The Euro is an exceptional case, a dangerous experiment of a currency divorced from individual nations themselves. The Euro is a foreign currency to all its users -except, some may say, Germany which has insisted right from the start that the Euro should be, to all intents and purposes, a continuation of the DM.
All 18 governments that use the Euro are users not issuers of the currency. They have all scrapped their sovereign currencies. They now lack the powers that a sovereign issuer has. Japan, the United States, the U.K., Canada, Australia, are sovereign issuers. Governments that adopted the Euro must borrow the currency. They must pay whatever the bond vigilantes require. They can run out of money. And they lack the policy space of a sovereign issuer.
For a member of the Eurozone, such as Italy the relationship between the government and the currency is different from the UK’s relation to the pound. Italy does not issue the currency that it uses. A country giving up control of the currency effectively gives up its own independence. Italy has becomes a State like Georgia is the sense that Georgia is a State of the USA. Except that the Eurozone doesn’t have anything like the financial infrastructure, which exists in the USA, and which is needed to equalise the imbalances between the richer and poorer parts of the currency zone and make a common currency work.
The problem with the Euro is that it cannot be created as needed. The governments must go out and get Euros from someone else. The Eurozone countries have sacrificed their ability to conduct sensible economic policy, and the effects are clearer now than ever. Spain and Greece have unemployment rates of over 25%. Youth unemployment is over 50%. Unemployment is high everywhere. France has unemployment measured in double gigures. 1 in 4 of their young people are without work. The Eurozone as a whole is an economic disaster area.
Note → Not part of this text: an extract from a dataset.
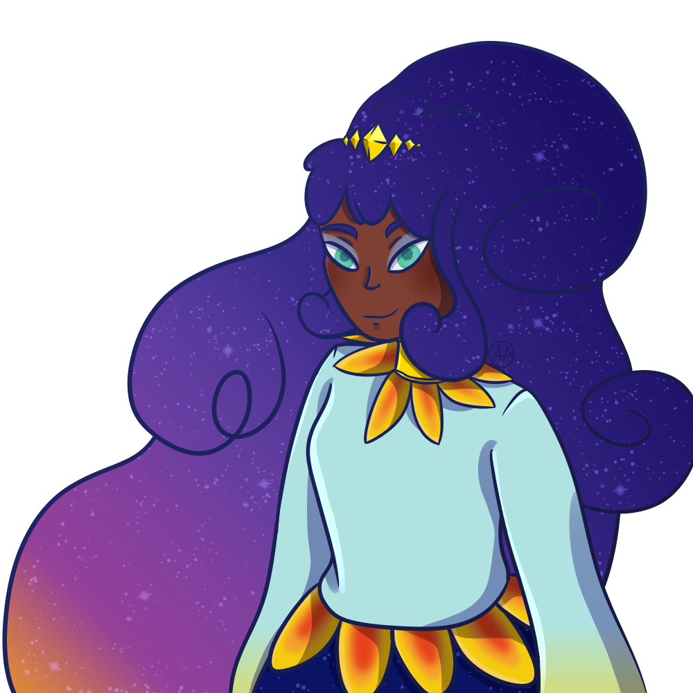 I really really love the excuse to do stars especially on hair and such. And sunrises are also super fun so I just had to draw her?? Her hair is so poofy I love it.
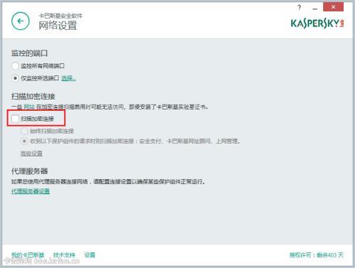 PS:1、2两项都需关闭,3项把卡巴的证书删除掉更彻底。至于是否需要扫描加密连接,看个人爱好。

But the Europeans can’t say they weren’t warned. In 1997 Wynne Godley wrote:
“The danger then is that the budgetary restraint to which governments are individually committed will impart a dis-inflationary bias that locks Europe as a whole into a depression it is powerless to lift.”
The UK thankfully learned from its own experience the pitfalls of tying its own currency to another currency with its ill fated attempt to shadow the DM in the 90s. That ended in the debacle of Black Wednesday. But better a debacle than a disaster. At least the pound still existed, at the time, and could be freed. Greece and Spain don’t have their Drachma or Peseta any more. Just how they can free themselves from their predicament isn’t easy to see.
If you talk to most Germans , or read articles in the German media, you’ll notice a lot of finger pointing towards, particularly, the Greeks. Their argument is basically one of ‘Look, we manage perfectly well with the Euro. If you sorted out your deficiencies then you could manage too’!
To decide if this is realistic we need to look at the three sector balances for any country:
Public Sector Balance +Private Sector Balance + Rest of World Balance = 0
Germany runs a balance of trade surplus with the Rest of the World. Therefore the last term is negative.
The Private Sector save, in true German style, for their pensions etc. Therefore the second term is positive.
So the Government can comfortably run a closed to balanced budget without causing a deflationary effect on their economy.
It’s a lot different for Greece or Spain.
Their balance of trade is poor. Therefore the last term is positive.
There are still many who wish to save (people do when times are bad) so the second term is positive too.
The EU requires countries to minimise their deficit. So the periphery have to try to balance their budgets. The first term has to be close to zero.
So yes, theoretically there is a lot that could be done to gather in more taxes from the rich in Greece. That could be done, of course. But fundamentally the German argument is nothing more than saying that if all countries had a balance of payments surplus then everyone could be like Germany! The Germans are supposed to be smart and modern. Can’t they see the lack of logic?
The dictat of the EU is effectively one of trying to suspend the rules of basic arithmetic. The more Governments of the periphery countries try to achieve the impossible the more their economies spiral downwards in search of a ‘zero solution’ to the equation.
What can be done? Forcibly stop Greeks and Spaniards saving? Import controls within the Euro region? That would work but there are obvious problems! But, the first step is to at least recognise the reason for the problem. It’s pretty obvious but I don’t see any indications that the penny has dropped. German politicians, mainstream European economists, the IMF and many others are locked into a neo-liberal mindset.
They are like old fashioned doctors who prescribe the bleeding of a patient . When that doesn’t work they prescribe more bleeding. Then more and more until the patient dies! Afterwards they all agree that bleeding was the right course of action but they probably should have prescribed it earlier and in greater amounts! Is this supposed to be the 21st century?